I've been using DEseq2 to find the differentially expressed genes on a dataset of RNAseq samples. There about 700 cases and 300 control samples.
The design formula is "~ Condition + age + sex". DEseq2 takes a really long time to finish. It used about 16h with 8 cores and 32 GB memory.
Here is my running codes:
dds <- DESeqDataSetFromMatrix(countData = round(cts),
colData = covarianceTable,
design = ~ CONDITION + age + sex)
register(MulticoreParam(8))
## It takes a long time to run.................

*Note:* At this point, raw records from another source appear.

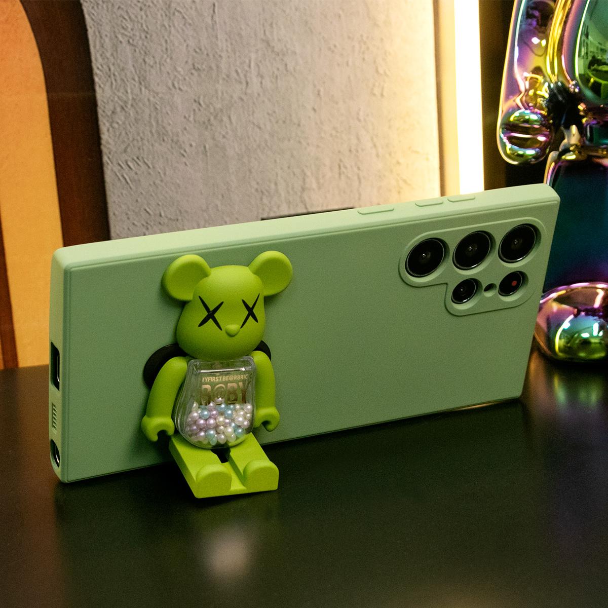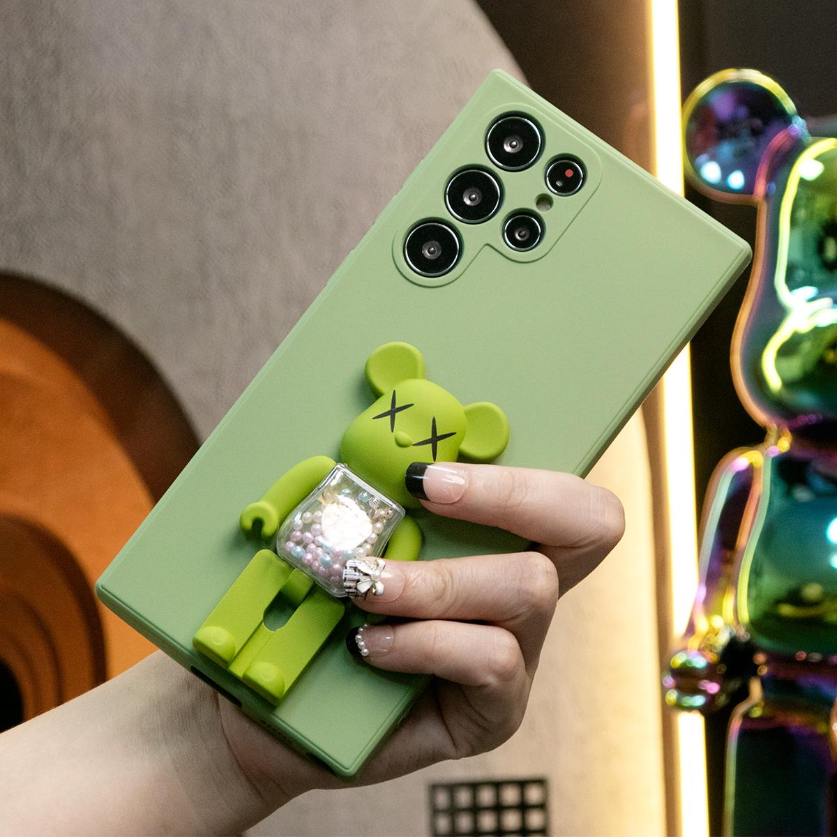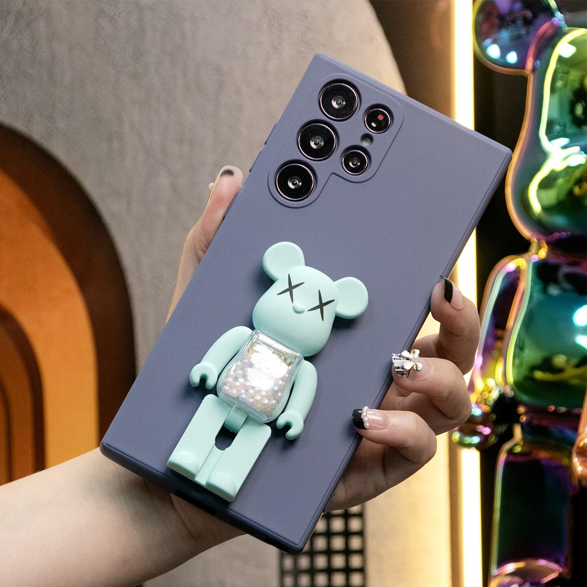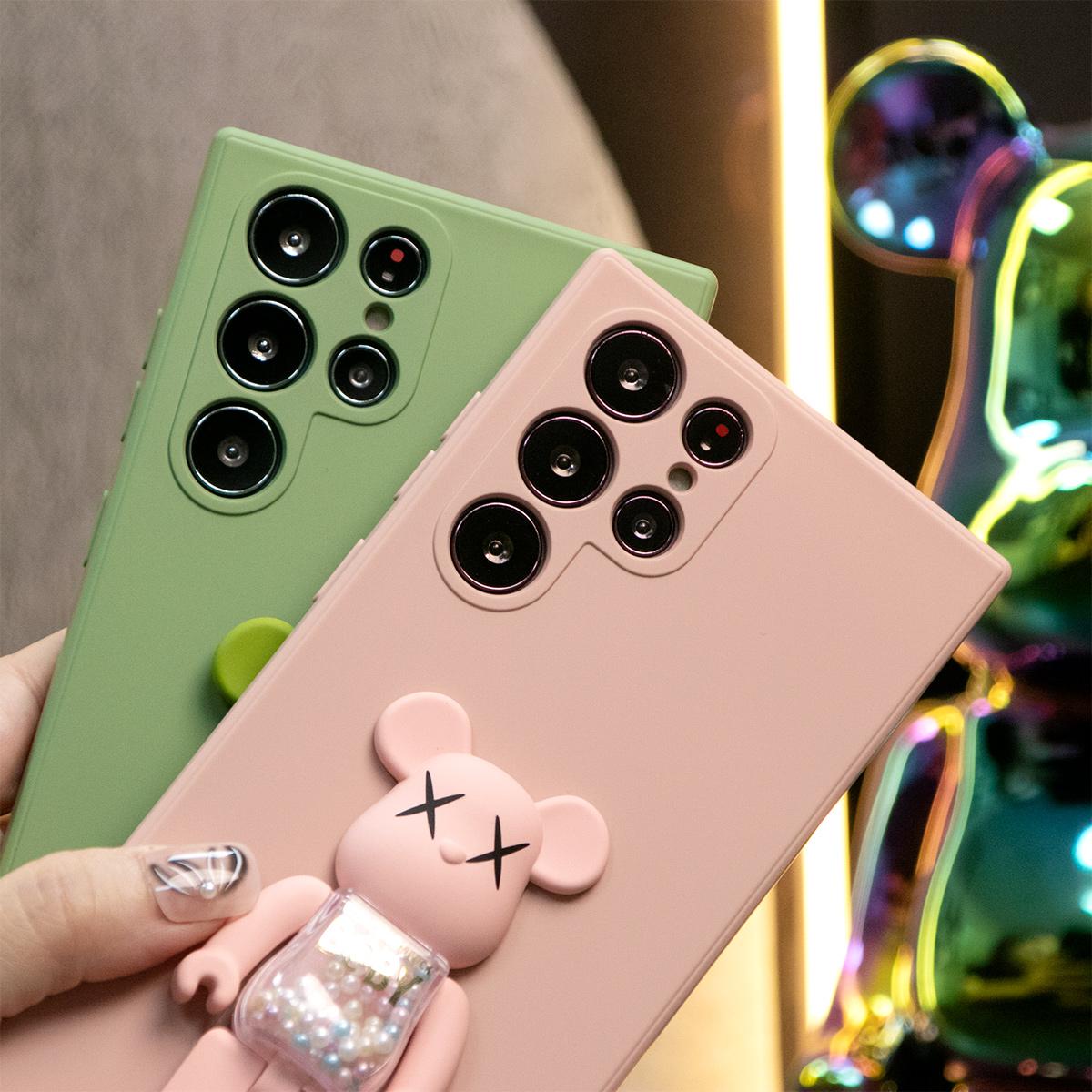 Liquid Silicone Matte Shockproof Frosted Candy Bear Stand Phone Case For Samsung S24Ultra S24FE S24 S23 S22Ultra S21Ultra A55 A35 A25 A15 Camera Protect Soft Cover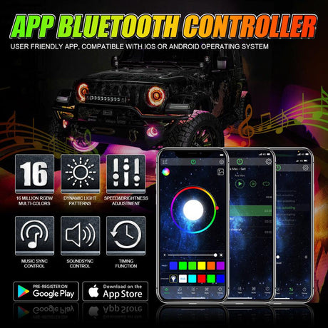 New 1.9FT LED RGB Whip Lights with Turn Signal & Brake Light, Bluetooth APP/ Remote Control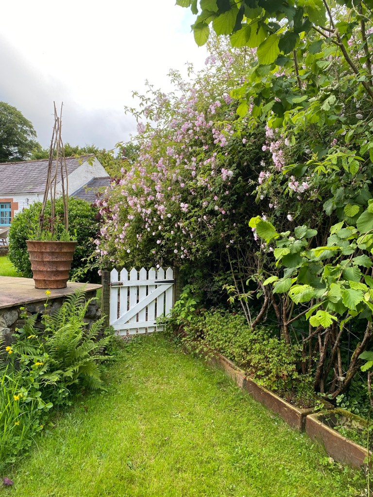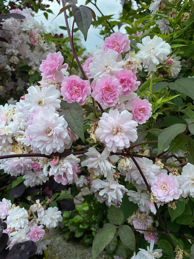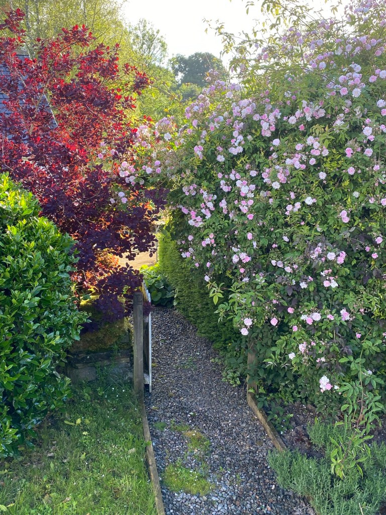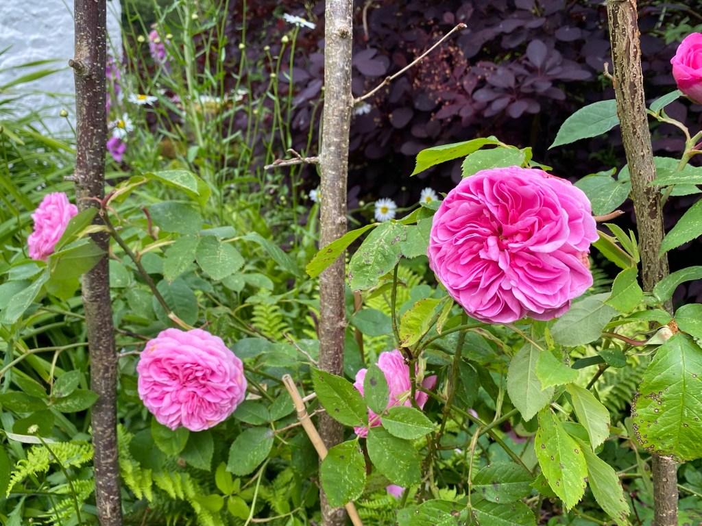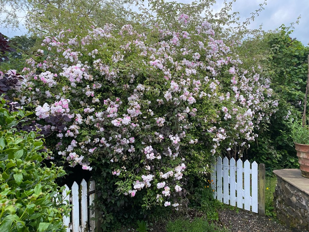 Roses are not my specialty. But they are nevertheless essential to most gardens. In the Dumfriesshire Garden the big rose feature is the rambler on the metal arch. We try to tidy it up every winter as it seems to get more and more unruly. But the effect can be fantastic. It’s had a really good year in 2024, as can be seen here, and with extended flowering,

dds_subset <- DESeq(dds,parallel=TRUE, BPPARAM=MulticoreParam(8))
resultsNames(dds_subset)
resLFC <- lfcShrink(dds_subset, coef="CONDITION_Case_vs_Control", type="apeglm",
parallel=TRUE, BPPARAM=MulticoreParam(8))
Also, the lfcShrink function also takes a long time.
So my questions are:
Is it the expected running time to run DESeq2 on a 58000 Genes * 10000 Samples expression matrix?

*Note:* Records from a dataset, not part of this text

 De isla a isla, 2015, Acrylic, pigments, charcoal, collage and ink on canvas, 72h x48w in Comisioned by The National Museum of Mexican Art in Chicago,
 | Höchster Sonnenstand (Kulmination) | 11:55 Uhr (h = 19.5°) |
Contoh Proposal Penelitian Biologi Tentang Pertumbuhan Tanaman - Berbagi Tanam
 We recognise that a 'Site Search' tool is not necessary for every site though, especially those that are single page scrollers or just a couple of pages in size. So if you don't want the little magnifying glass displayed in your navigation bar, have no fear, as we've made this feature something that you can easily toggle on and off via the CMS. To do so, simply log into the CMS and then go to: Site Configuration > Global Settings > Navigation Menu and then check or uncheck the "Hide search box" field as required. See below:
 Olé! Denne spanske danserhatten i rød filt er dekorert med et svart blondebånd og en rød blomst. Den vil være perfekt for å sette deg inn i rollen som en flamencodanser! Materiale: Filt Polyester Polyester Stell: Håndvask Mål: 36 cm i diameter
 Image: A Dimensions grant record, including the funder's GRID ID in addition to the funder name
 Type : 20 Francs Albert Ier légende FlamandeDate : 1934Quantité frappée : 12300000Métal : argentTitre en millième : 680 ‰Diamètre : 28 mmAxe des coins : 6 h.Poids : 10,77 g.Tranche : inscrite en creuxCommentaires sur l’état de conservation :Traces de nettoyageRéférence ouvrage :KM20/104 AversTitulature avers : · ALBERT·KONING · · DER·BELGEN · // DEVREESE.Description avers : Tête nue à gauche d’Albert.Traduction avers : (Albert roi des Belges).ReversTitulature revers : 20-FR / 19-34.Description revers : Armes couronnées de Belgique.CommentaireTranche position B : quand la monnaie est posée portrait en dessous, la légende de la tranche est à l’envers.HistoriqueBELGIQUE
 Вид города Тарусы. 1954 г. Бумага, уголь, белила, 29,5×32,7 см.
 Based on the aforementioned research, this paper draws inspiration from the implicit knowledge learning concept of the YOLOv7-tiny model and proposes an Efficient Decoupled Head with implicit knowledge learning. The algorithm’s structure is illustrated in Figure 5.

Is there any way that I can reduce the time needed for running DEseq2 on my dataset?
(I have tried to use only protein-coding genes(~20 000 genes), It still takes a long time, about 12h)
...I really appreciate any suggestion and many thanks in advance!
Best,
Ruifeng
The benefits of DESeq2 mainly kick in when sample size (and therefore per-gene information) is limited. With 1000 sampes I would simply use limma-voom, see for references e.g.
DESeq2 with many samples
Running DESeq with 1000 samples
DESeq2 taking long time to run with 270 samples in 10 groups.
Yes agree with this as well for bulk RNA-seq.